Renowned American political activist Noam Chomsky, who is an outspoken critic of Israel, has described being denied entry into the West Bank as "unusual."

Palestinian official Mustafa Barghouti had invited the linguist to lecture at the Palestinian Bir Zeit University on Monday.

Chomsky said he had been held up for hours at the Allenby crossing between Jordan and the West Bank on Sunday, and was ultimately denied entry into Palestinian land.

He described the decision as "an unusual, if not unique act of interference with the independence of the university."

"They did not like the kinds of things I say about Israel and they did not like that I was only talking at Bir Zeit and not at an Israeli university too," Chomsky told Israeli media from Jordan.

The 81-year-old scholar is a professor of linguistics at the US Massachusetts Institute of Technology.

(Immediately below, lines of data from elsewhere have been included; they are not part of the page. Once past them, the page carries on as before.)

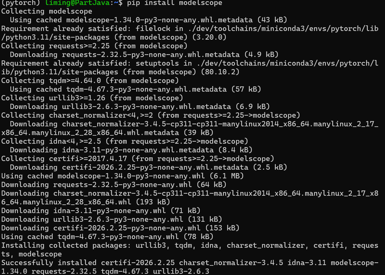 - 环境配置:通过 Conda 管理 Python 环境 → 验证 GPU 可用性 → 安装 PyTorch/vLLM/ModelScope;
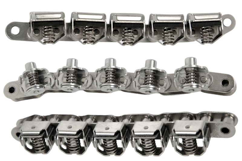 Our Gripper Chains are specially designed to convey plastic film in form, fill, and seal packaging machines, optimizing your production process with secure and controlled movement.
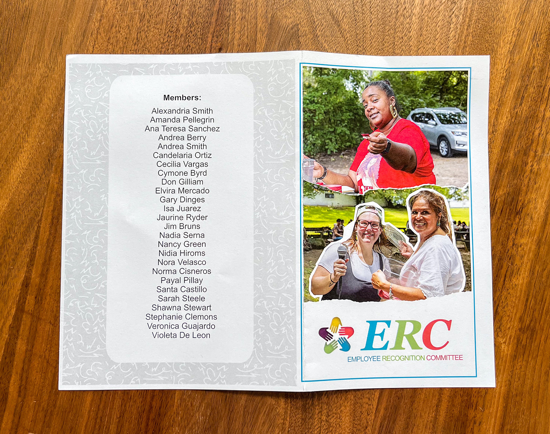 I developed core brand assets for the ERC, including typography, color palette, and logo variations, and applied those elements across collateral for both day-to-day use and larger events. That included t-shirts, printed brochures, and event signage. Each piece was designed to feel cohesive while reflecting the energy and appreciation behind the committee’s mission.
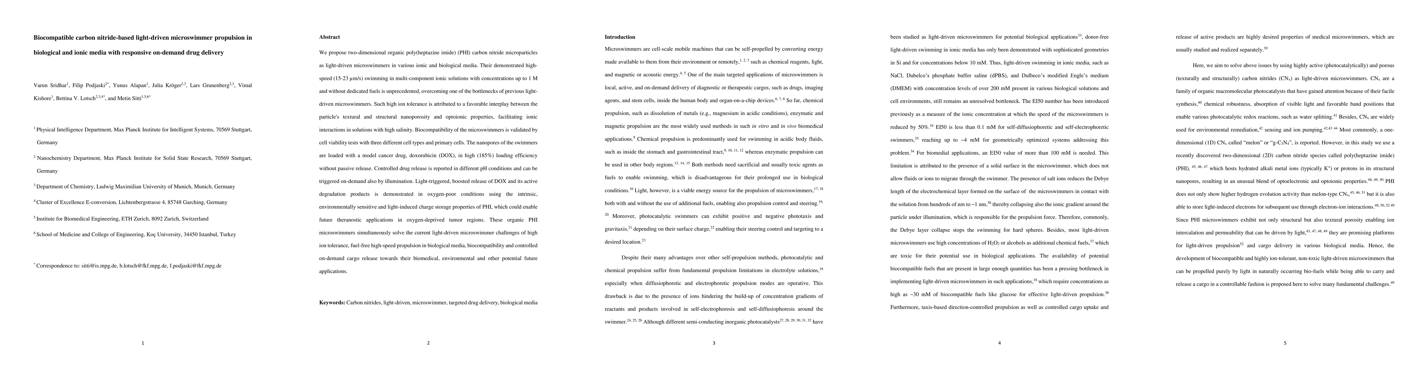 This paper introduces two-dimensional organic poly(heptazine imide) carbon nitride microparticles as light-driven microswimmers capable of high-speed propulsion in ionic and biological media without external fuels. These microswimmers exhibit biocompatibility and can load and release a cancer drug on-demand, triggered by pH changes or light, potentially enabling theranostic applications in low-oxygen tumor environments.
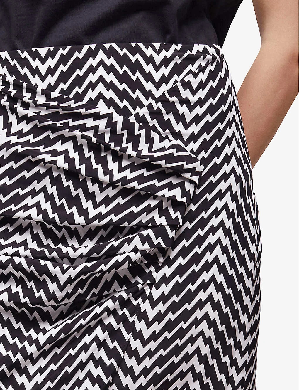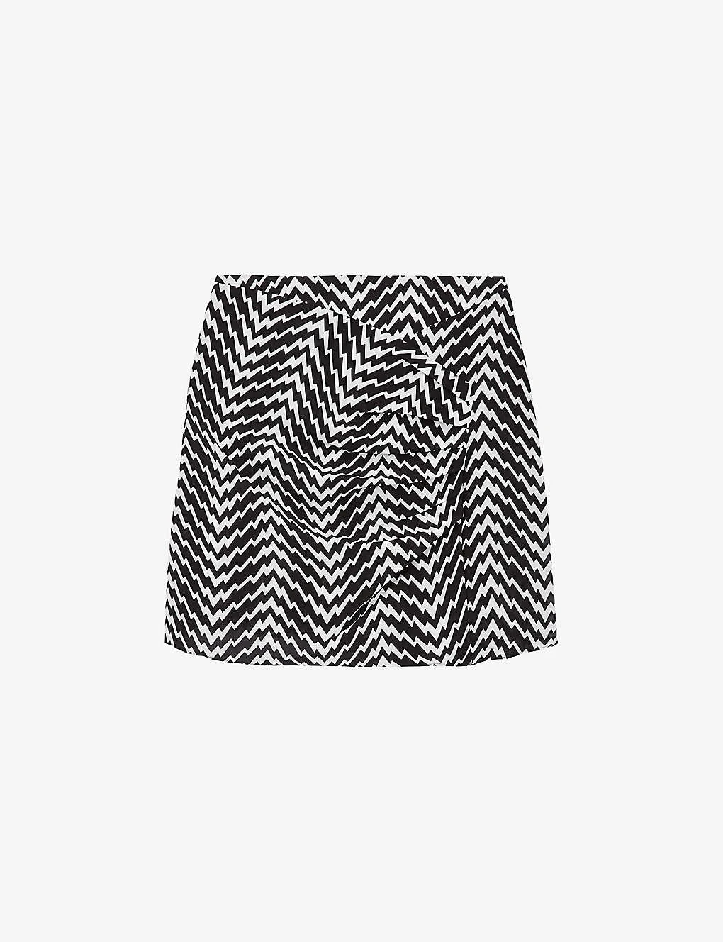 - Slim fit, high waist, mini length, all-over graphic zigzag print, draping and gathering at front, asymmetric hem
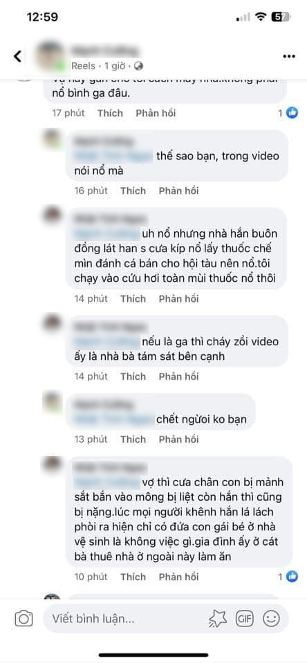 Trong khi đó, ngọn lửa được đà bùng lên đỏ rực, chắn cả lối đi khiến người hàng xóm đinh ninh có nạn nhân tử vong sau vụ nổ. Ngay khi đoạn clip được chia sẻ, một số ý kiến cho rằng vụ nổ bình ga kinh hoàng xảy ra tại TP Cẩm Phả, tỉnh Quảng Ninh. Bên dưới, nhiều người để lại bình luận phỏng đoán về nguyên nhân vụ nổ.
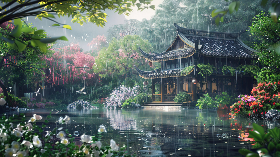 本作品内容为雨中的古典园林插画, 格式为 jpg, 大小4 MB, 图片尺寸为2912 x 1632, 源文件无水印, 欢迎使用熊猫办公。 如认为平台内容涉嫌侵权,可通过邮件:tousu@tukuppt.com提出书面通知,我们将及时处理。
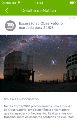 Com este aplicativo, os pais, responsáveis e professores poderão receber as últimas informações da escola, as notícias do dia a dia dos seus filhos e o calendário de atividades escolares.
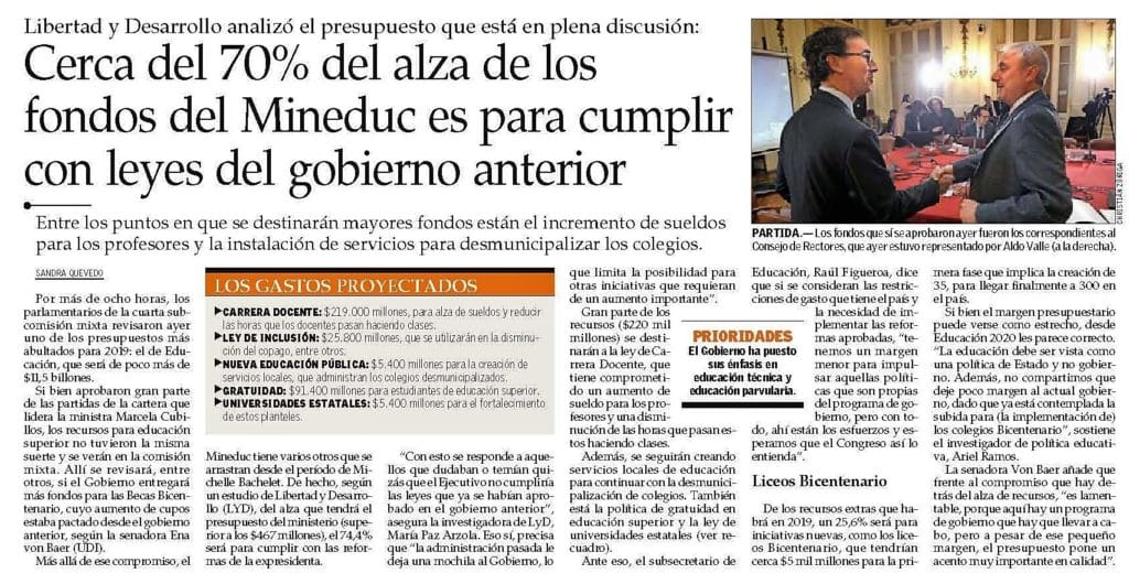 Un 74,4% del mayor gasto para 2019 se explica por el avance en las leyes de Carrera Docente, de inclusión, gratuidad de la educación superior, ley de universidades estatales y por la implementación de los nuevos servicios locales de educación que se harán cargo de la educación escolar pública, es decir, por la implementación de las principales leyes asumidos por el gobierno anterior.
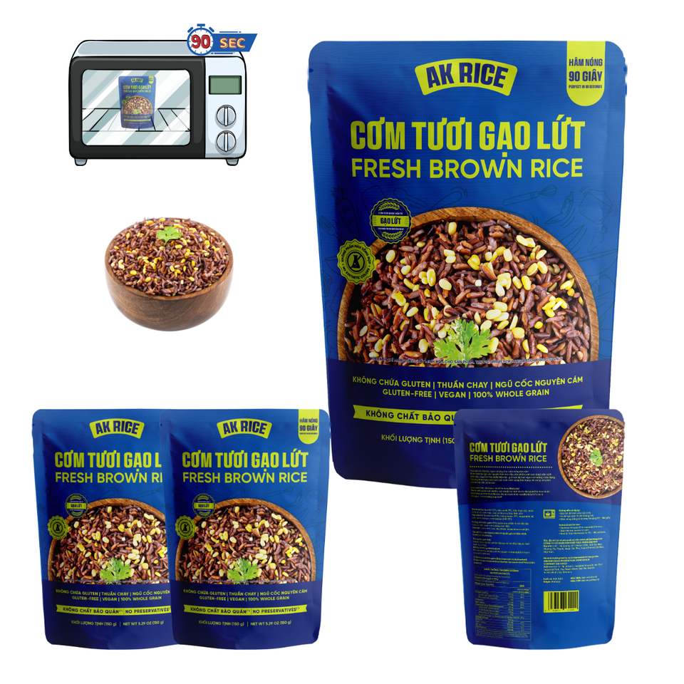 Arroz integral Recién cocido Listo para comer Comida para microondas Suministro directo de Vietnam Arroz instantáneo MRE Sin Gluten
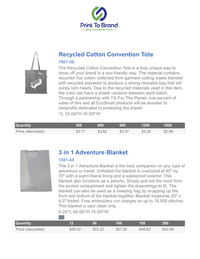 The 3 in 1 Adventure Blanket is the best companion on any type of adventure or travel. Unfolded the blanket is oversized at 60" by 70" with a warm fleece lining and a waterproof exterior. This blanket also functions as a poncho. Simply pull out the hood from the pocket compartment and tighten the drawstrings to fit. The blanket can also be used as a sleeping bag by snapping up the front and bottom of the blanket together. Blanket measures 20" x 8.5" folded. Free embroidery run charges on up to 10,000 stitches. This blanket is spot clean only.
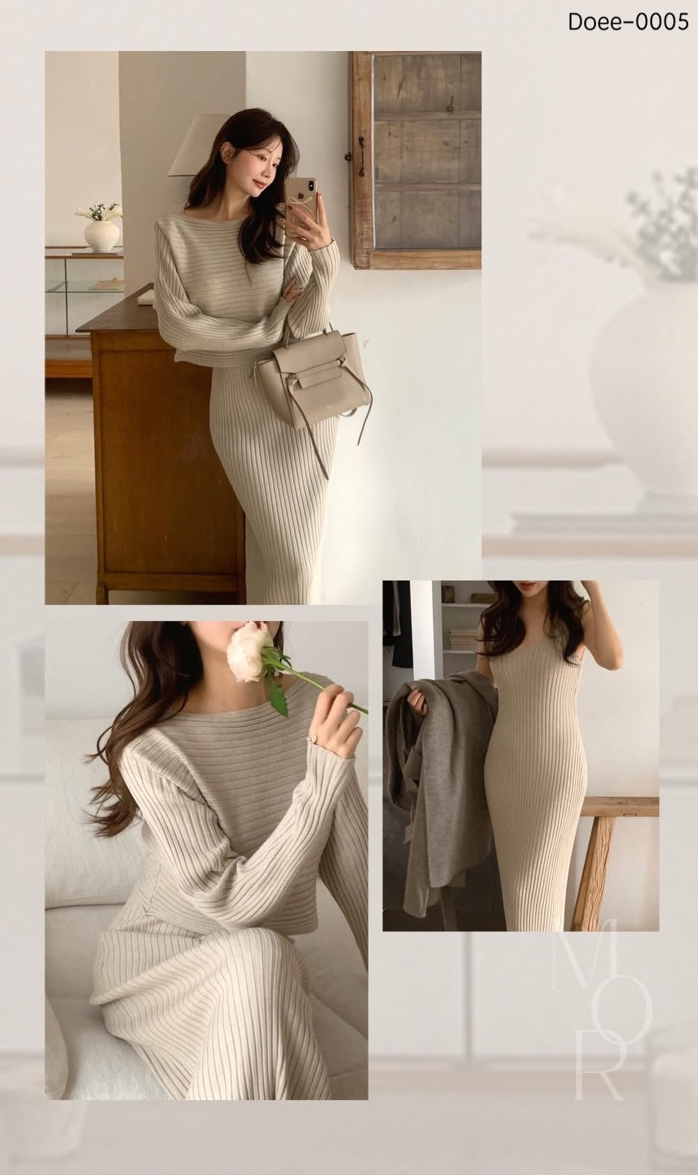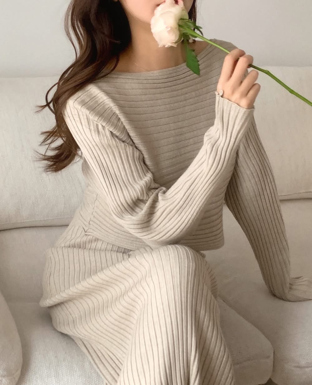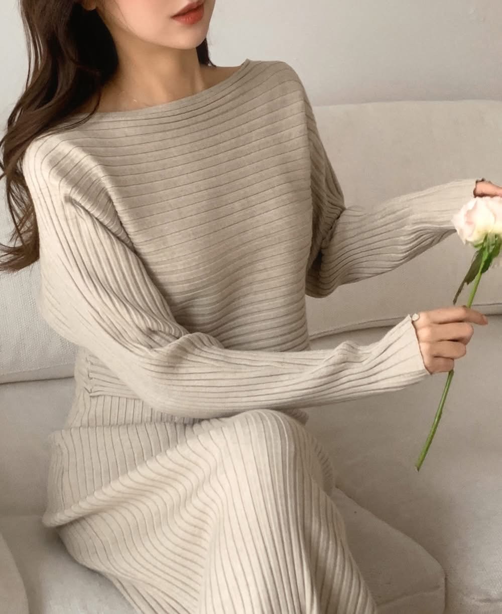 短板針織衫+坑紋針織背心長洋
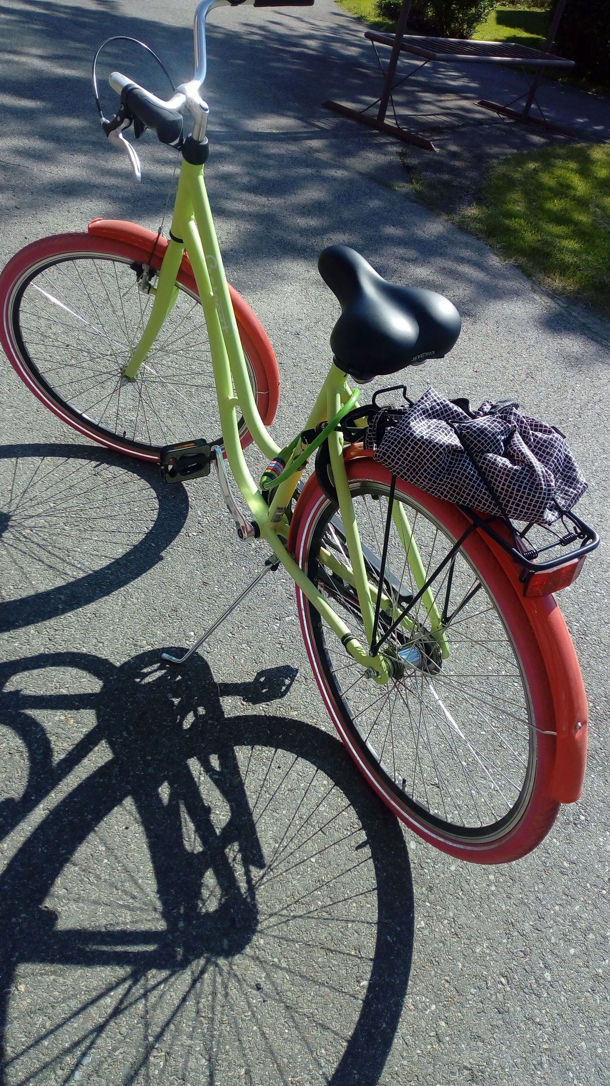 Vaaleanpunaiset renkaat, punaiset lokasuojat ja lempivärini kevään vihreä pyörän runko!
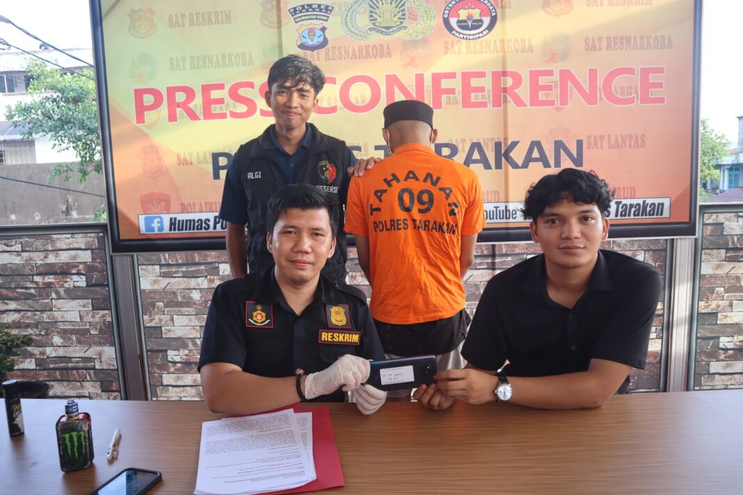 Kapolres Tarakan AKBP Ronaldo Maradona.T.P.P.Siregar, S.H.,S.I.K melalui kasat Reskrim Polres Tarakan, AKP Randhya Sakthika Putra, S.Tr.K.,S.I.K, menjelaskan kronologis Kejadian bermula saat pelapor, yang juga merupakan korban, sedang membeli minuman di salah satu gerai minuman di JL Yos Sudarso Kel. Selumit, Kec. Tarakan Tengah Kota Tarakan (Depan Bank BRI), korban meninggalkan handphone merk Poco X3 Pro di dasbor motor miliknya.
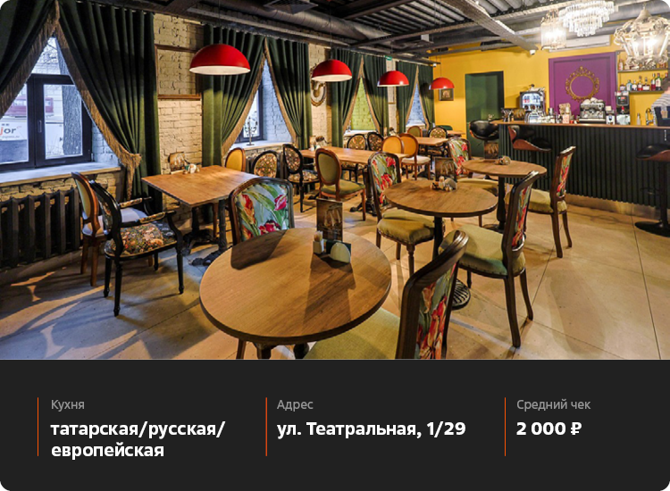 Кафе «Историка» на Театральной находится в особняке XIX века напротив театра оперы и балета. На собственном сайте заведение описывает себя как «очаровательную тему с параллакс-эффектом, идеально подходящую для кофеен, баров и пекарен», обещает «интимную и расслабленную атмосферу» и некие «авторские interpretations». Пространство камерное, но с большими окнами, откуда видно исторический центр. Внутри — теплые оттенки, потертое дерево и старинные стены. Декор собран из предметов разных эпох: барельефы (изображение, слегка выступающее над плоской поверхностью), самовары, картины в разнокалиберных рамах, массивные люстры и светильники из розового металла и текстиля с бахромой. В меню соседствуют европейские, азиатские и татарские позиции. На закуску предлагают тартары и легкие овощные салаты, из горячего — блюда из теста в разных национальных вариантах: манты, пельмени, димсамы, момо. Подают традиционный чак-чак и сладкие гедза.
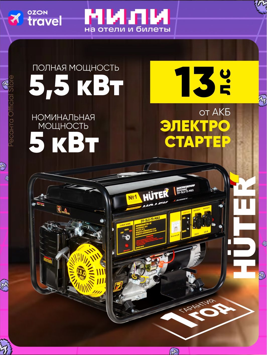 Генератор бензиновый Huter 5кВт; max 5,5 кВт, электростартер/DY-SLX-73-MAX
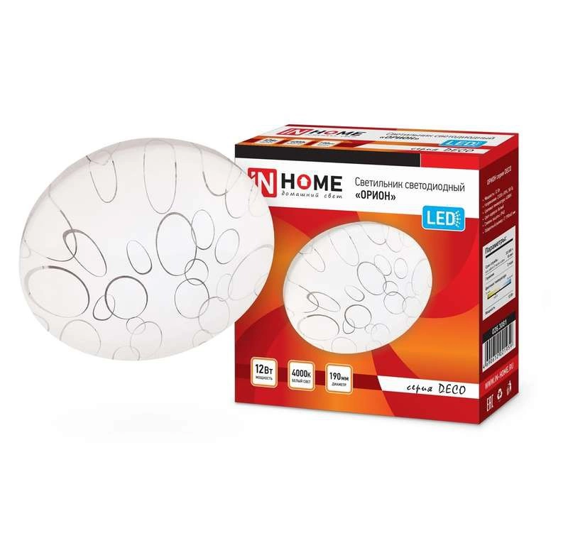 Полное описание: Светильник светодиодный DECO 12Вт 230В 4000К 780лм 190мм ОРИОН IN HOME 4690612021959
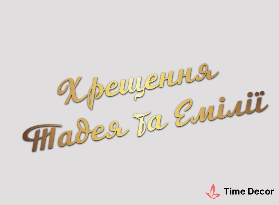 Пластиковий напис "Хрещення Тадея та Емілії" – дзеркальний або матовий пластик, можливе виготовлення з клейкою зворотною поверхнею для легкого монтажу.
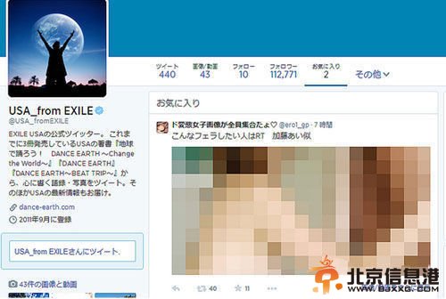 EXILE成员USA收藏了一张不雅照片 近日,据日本媒体报道,日本乐团EXILE(放浪兄弟)成员USA日前被曝在社交网站上收藏了一张不雅图片,引发了网友们的热议。 17日,有网友在USA的官方账号上发现,USA收藏了一条带有不雅图片的推文,随后这条收藏被网友们截图转发,引起了不小的争议。据悉,虽然这条收藏现在已被删除,但这到底是USA本人的操作还是被盗号,目前尚不明确。
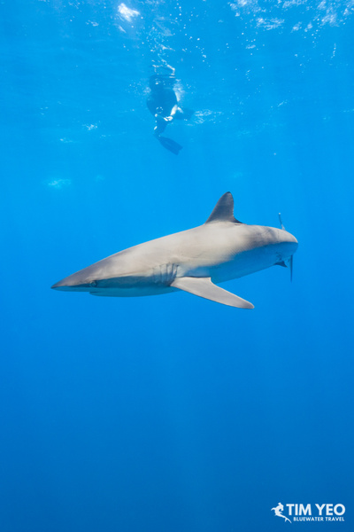 While a combination of fish blood and guts are dropped into the water to attract the attention of these curious sharks, the goal is not to feed the sharks or to change their natural behavior. Once they arrive, a tuna head is added to the mix to keep their interest so that snorkelers can spend some time in the water with them. The sharks arrive of their own accord and leave whenever they want.
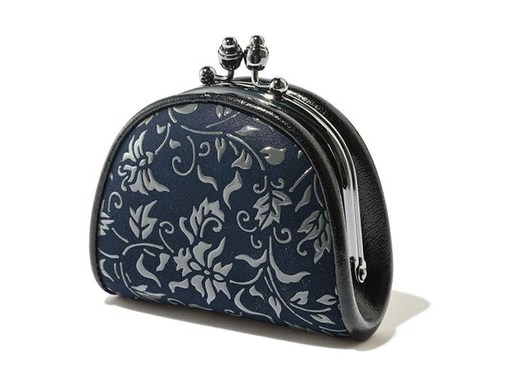 柔らかな鹿革に長寿や繁栄の象徴とされる唐草と花の模様をON。マチ付きのデザインで型崩れしにくく、小物やアクセサリーケースとしても活躍しそう。
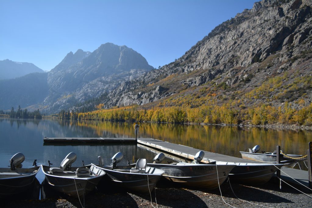 De June Lake Loop loopt langs een aantal kleine plukjes met huizen, motels en winkeltjes. Het gebied is omringd door verschillende meren en vanaf de weg heb je een mooi uitzicht. Er zijn heel veel plaatsen waar je de auto even neer kunt zetten om foto’s te maken en te genieten van het uitzicht. Hoe verder je komt op de route hoe meer je de herfstkleuren ziet. We stoppen bij Silver Lake en lopen een stuk langs het meer. Er zit hier ook een winkel/restaurant waar je onder andere visaas kunt kopen. En daar wordt gretig gebruik van gemaakt. Aan het meer liggen een aantal boten die je kunt huren, maar daar is het nu te fris voor. Ook hier zien we weer een waarschuwing voor beren. Het is heerlijk om hier even rond te lopen, ondanks de kou. Het voelt als een lekkere Nederlandse winterdag die je afsluit met een flinke mok warme chocolademelk (mét slagroom natuurlijk).
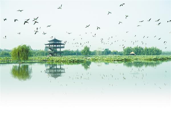 京杭湿地莲天碧,
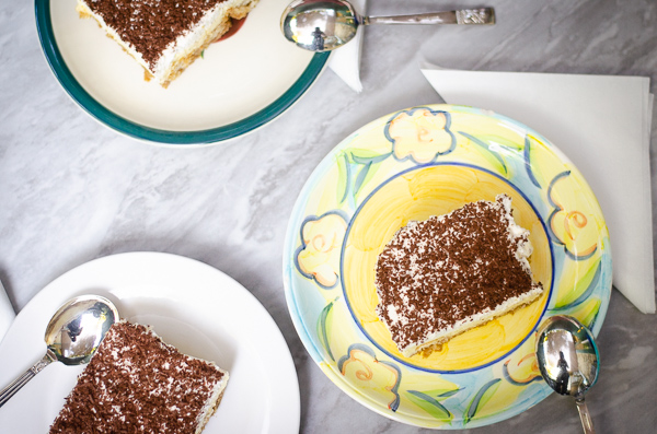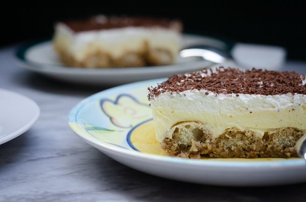 After that is the whipped cream and boozy coffee dipped ladyfingers - easy peasy! Then one tiny last step is where my version of the cake differs slightly from the classic. Instead of a dusting of cocoa, I grate dark chocolate over the cake to give it a touch more sweetness and richness.
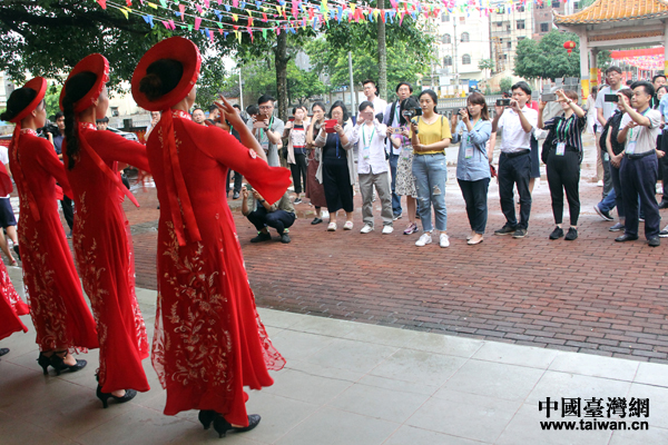 两岸媒体人欣赏京族舞蹈。(中国台湾网 王怡然 摄)

He has repeatedly spoken out against Israel’s occupation of Palestinian territories.

After Israel’s 2009 war in the Gaza Strip, Chomsky said, "supporters of Israel are in reality supporters of its moral degeneration."

Israel launched a military attack against the Gaza Strip on December 2008 and continued pounding the costal sliver through January 2009. The three week onslaught left about 1,400 Palestinians, mostly civilians, dead.